Selected Halachos Related to Parshas Kedoshim

By Rabbi Doniel Neustadt

The following is a discussion of Halachic topics related to the Parsha of the week.For final rulings, consult your Rav.


AVOIDING HATRED BETWEEN JEWS

You shall not hate your brother in your heart; you should reprove your fellow and do not bear a sin because of him (Kedoshim 19:17)

QUESTION: Why does the Torah combine in one pasuk the prohibition of hating another Jew with the command to reprove him?

DISCUSSION: There are two basic approaches in the interpretation of the verse cited above. Some commentators(1) explain the verse as relating to matters which are bein adam l'Makom, between man and Hashem. If a Jew observes another Jew transgressing any one of the mitzvos, it is incumbent upon the observer to reprove the sinner in regard to his sin. Failure to do so will ultimately result in hating the sinner, since it is permitted [under certain circumstances(2)] to hate a Jew who purposefully and deliberately disregards the commands of the Torah. Rebuke, therefore, is the means through which hatred of another Jew can be avoided, since rebuke may be the impetus for the potential transgressor to change his ways. [The halachos concerning the proper method of rebuke are intricate(3) and not the subject of this discussion.]

Many other commentators(4), however, suggest a different approach in explaining this verse. The command to "reprove your fellow" is written in regard to matters which are bein adam l'chaveiro, matters which concern the relationship between man and his fellowman. The Torah, which prohibits a Jew from hating another Jew, is teaching us why hatred may develop and how to avoid it. Often, ill will is a result of miscommunication or misunderstanding. When not resolved immediately and in a straightforward manner, minor run-ins or disagreements can grow into major conflicts, leading to friction and hostility among Jews. To prevent this from happening, the Torah commands, "You should reprove your fellow," meaning, you should approach the person whom you feel has wronged you and question him as to why he did so, whether he can justify his actions, etc.
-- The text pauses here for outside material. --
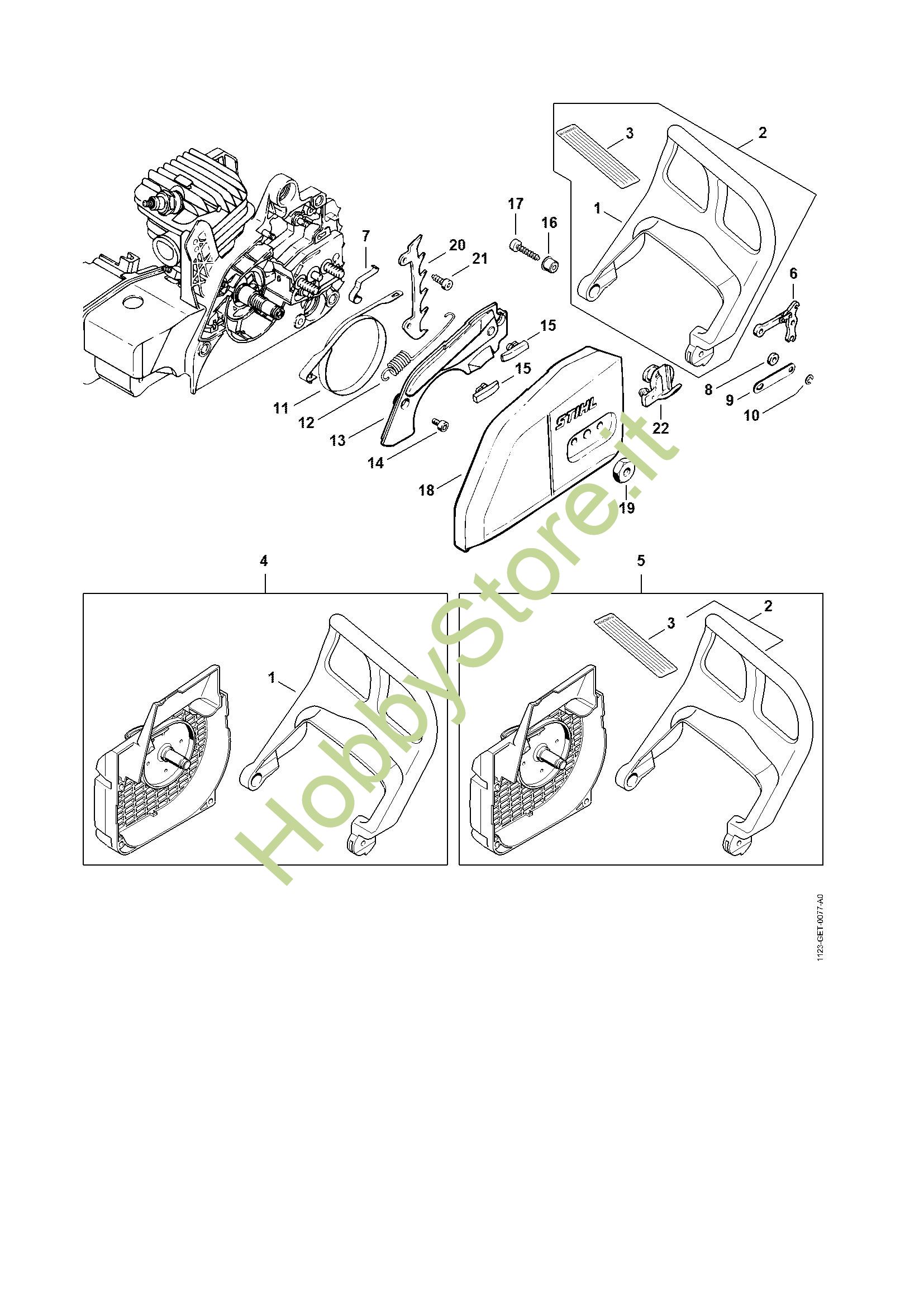 Protezione mano, freno catena Motoseghe a benzina (MS) MS 230 della marca STIHL
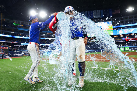 ブルージェイズの岡本はガーディアンズ戦に4番三塁で出て、4回に2試合連続本塁打となる5号ソロを放つなど3打数2安打2打点。チームは5―3で勝った。写真は試合後に祝福される岡本(右)=25日、トロント 【AFP時事】

Most of the time, the questioning will yield one of the following outcomes: The alleged incident never took place; it was either completely fabricated or greatly exaggerated.

The incident did happen but it was not the intention or fault of the accused.

The offender will sincerely apologize for his misdeed, the incident will be forgotten, and peace will be restored.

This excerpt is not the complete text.